The assumption that (4) involves syntactic degree comparison gets supporting evidence from
(5), which violates the Heim-Kennedy Constraint, and (6), which violates the Focus
Intervension Effect (cf. Heim (1985, 2001) and Beck (2006)).
(5) *Zhangsan jintian [bi [Opi [meige-ren zuotian dou [DegP xi-kaixin]]]] kaixin.
Zhangsan today than everyone yesterday all happy happy
(6) *Zhangsan (zhiyou) jintian [bi [Opi [Lisi zhiyou zuotian [DegP xi-kaixin]]]] kaixin.
Zhangsan only today than Lisi only yesterday happy happy
The ungrammaticality of (7)-(8) results from the bi phrase’s occurring outside the domain
where it is allowed, and the ungrammaticality of (9) is ungrammatical because the bi clause
involves movement.
(7) *Xiaoming-de shengri manman-de bi kuaikuai-de dao lai.
Xiaoming-DE birthday slowly than quickly arrive come
‘Xiaoming’s birthday will come slowly than quickly.’
(8) *Mama yinwei Xiaoming shuo huang bi yinwei Xiaoming tou dongxi haiyao shengqi.
Mother because Xiaoming say lie than because Xiaoming steal thing more angry
‘Mother was angry more because Xiaomingi told a lie than hei stole things.’
(9) Zhangsan shuxue bi Lisi wuli xihuan.
Zhangsan mathematics than Lisi physics like
‘Zhangsan like mathematics more than Lisi likes physics.’
(cf.

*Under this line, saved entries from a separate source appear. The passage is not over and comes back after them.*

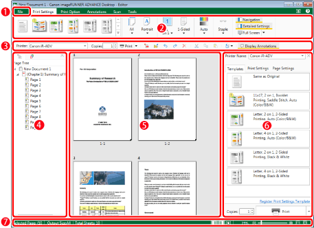 Displays the total number of document pages, page number of the currently selected page, output paper sizes, and the number of sheets to be printed. You can also perform the following operations.
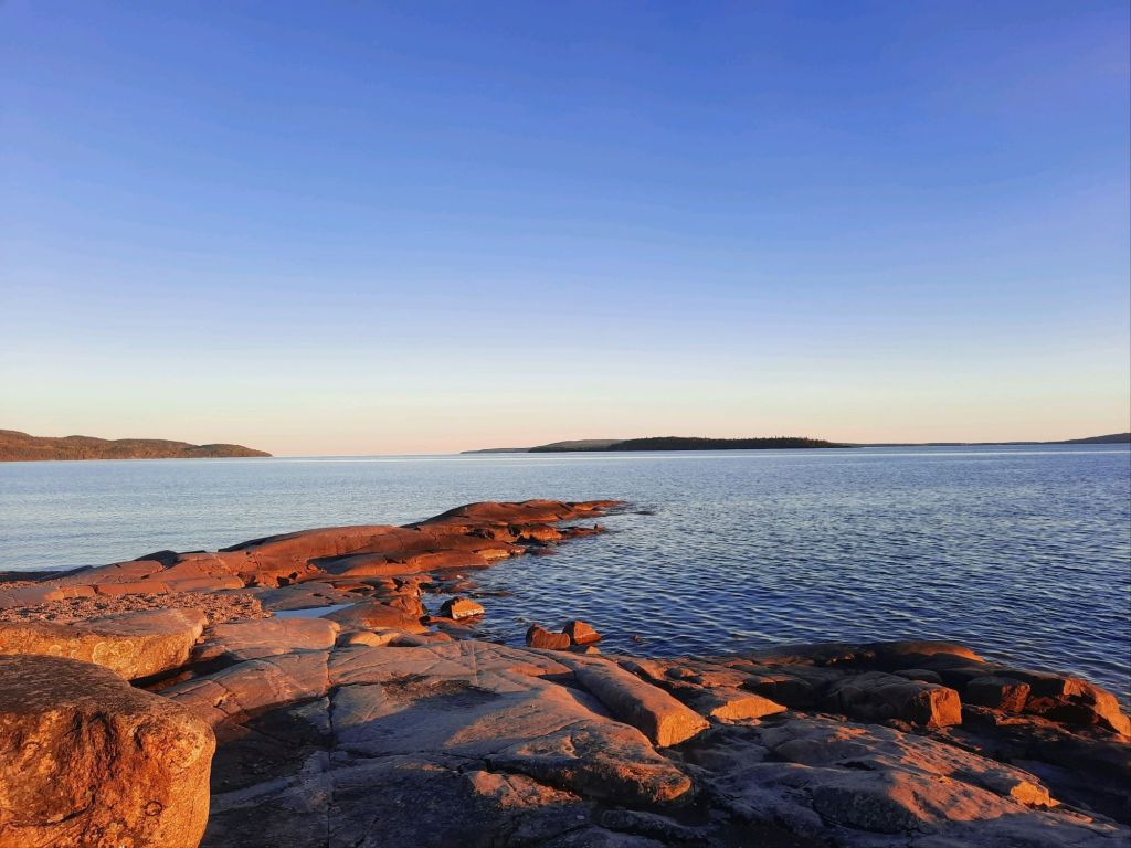 We saw a lot more islands from the north shore of the lake than from the south shore. The sunset illuminated the islands and rocks in front of us…
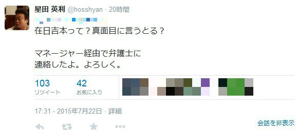 星田さんのツイッターへの返信の中で、「在日吉本」と表記したネットユーザーがおり、これに対し、法的措置を取る構えを見せている。一方で、星田さんの対応を批判するつぶやきもあり、注目を集めている。
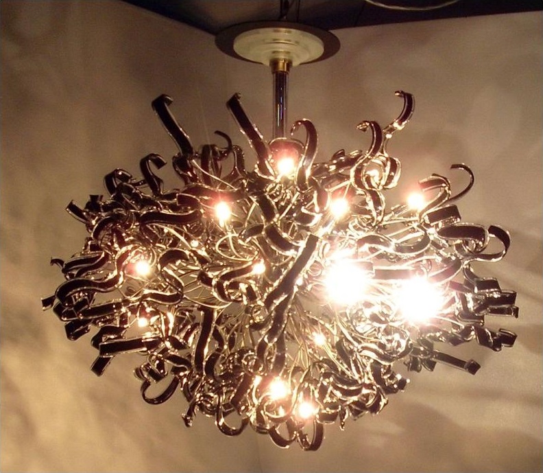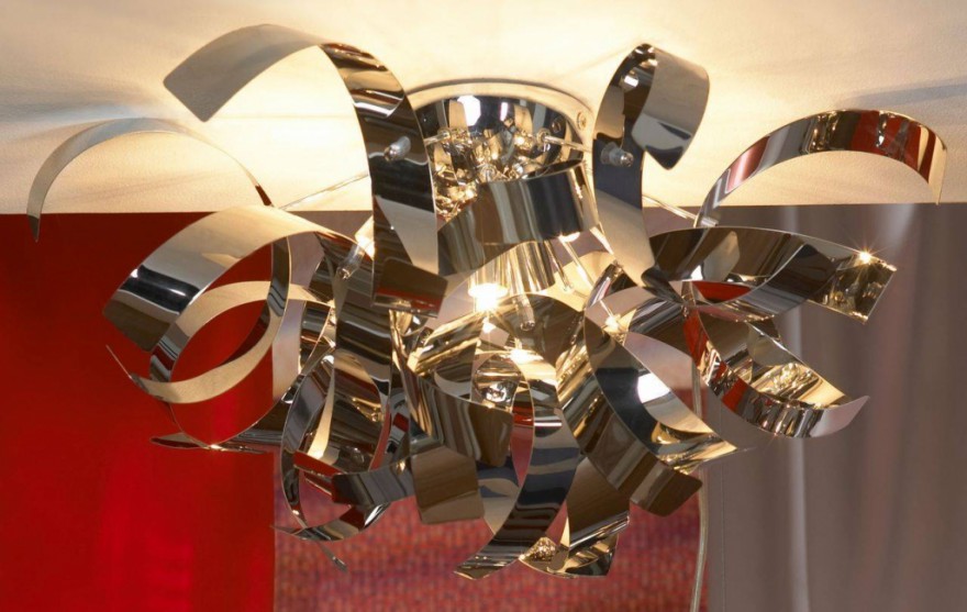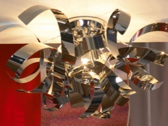 Among the fashionable variants of this year are high-tech chandeliers. They may have the most unimaginable forms, but mostly made of plastic, metal or glass. This direction is more stringenthowever, no one will prevent you from bringing a touch of brightness to it.

Mao zhuxi Zhou Enlai bi Deng Xiaoping xinren.)
The interaction between the pre-predicate adjunct status of the bi phrase and the
c-commanding condition between the correlate and its corresponding compared constituent
makes the compared constituent like shen ‘deep’ in (10) not have a correlate. So,
subcomparison is not allowed.
(10) *Zhe-tiao he xianzai [bi [na-tiao he guoqu shen]] kuan.
This-CL river now than that-CL river past deep wide
‘This river is wider than that river was deep.’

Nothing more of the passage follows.